ECLI:NL:GHLEE:2002:AE4021
Gerechtshof Leeuwarden
- Hoger beroep
- M. Mollema
- J. Meijeringh
- A. Verschuur
- Rechtspraak.nl
Hoger beroep van een kort geding vonnis inzake niet-ontvankelijkheid van de appellant
In deze zaak, die voor het Gerechtshof Leeuwarden diende, ging het om een hoger beroep ingesteld door de appellant tegen een kort geding vonnis van de rechtbank Groningen, uitgesproken op 26 juli 2001. De appellant, vertegenwoordigd door procureur mr. A.H. Lanting, had hoger beroep ingesteld tegen de Centrale Orgaan Opvang Asielzoekers (COA), vertegenwoordigd door procureur mr. J.V. van Ophem. Het hof oordeelde dat de appellant niet ontvankelijk was in zijn hoger beroep, omdat hij in eerste aanleg niet was verschenen en het vonnis bij verstek was gewezen. Volgens het oude procesrecht, dat van toepassing was tot 1 januari 2002, staat voor een gedaagde tegen wie in eerste aanleg verstek is verleend geen principaal hoger beroep open. De appellant had in plaats van hoger beroep verzet moeten aantekenen tegen het vonnis van de rechtbank.

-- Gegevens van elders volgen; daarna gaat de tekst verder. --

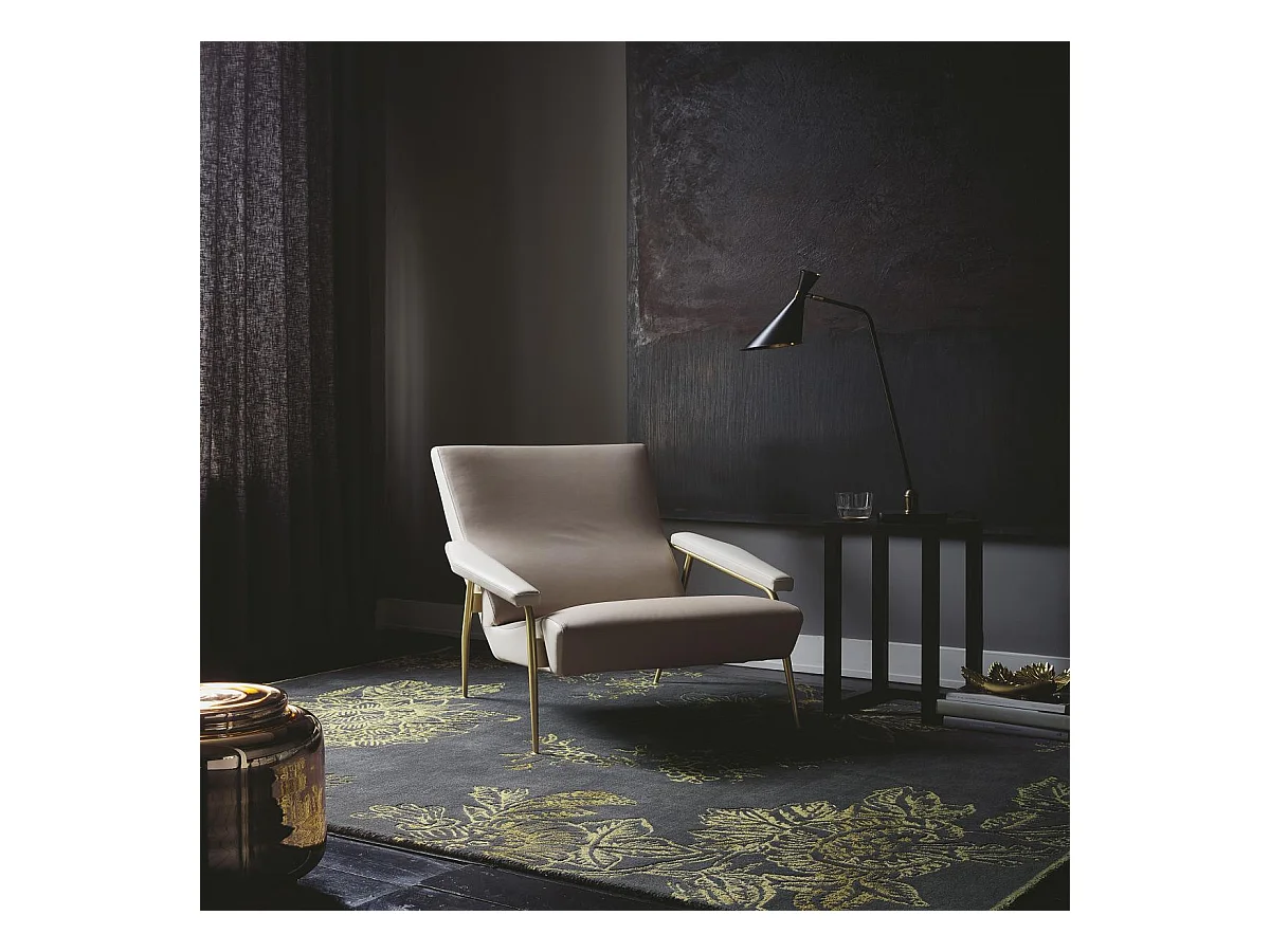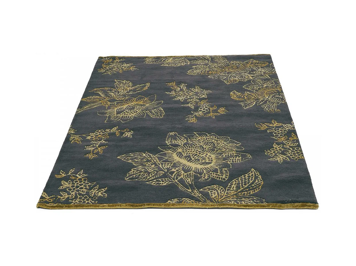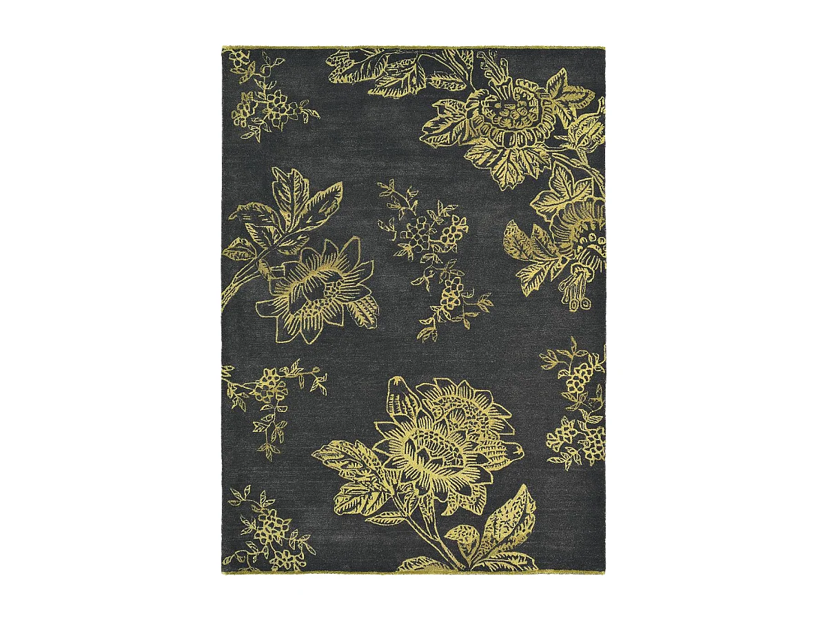 tapis salle à manger 250x350 fait à la main en laine noir et or motif floral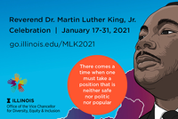 3:00 pm 1/17/2021The Annual County-wide Celebration commemorates Dr. King’s legacy by bringing together community members from Champaign County to celebrate the mission, teachings, and legacy of Dr. King. This year’s keynote speaker, the Rev. Dr. William J. Barber II, is the President & Senior Lecturer of Repairers of the Breach, Co-Chair of the Poor People’s Campaign.

Het hof concludeerde dat de wet geen regeling biedt voor de situatie waarin de appellant zich bevond, en dat het hof niet de mogelijkheid had om de zaak te verwijzen naar de rechtbank Groningen. De beslissing van het hof was dat de appellant niet ontvankelijk werd verklaard in zijn hoger beroep tegen het kort geding vonnis van de president van de rechtbank Groningen. Tevens werd de appellant veroordeeld in de kosten van de procedure in hoger beroep, die aan de zijde van COA werden begroot op Euro 215,55 voor verschotten en Euro 771,14 voor het salaris van de procureur.
De uitspraak werd gedaan door de eerste kamer voor burgerlijke zaken van het Gerechtshof Leeuwarden op 12 juni 2002, waarbij mr. Mollema als vice-president de uitspraak deed in tegenwoordigheid van griffier Bilstra.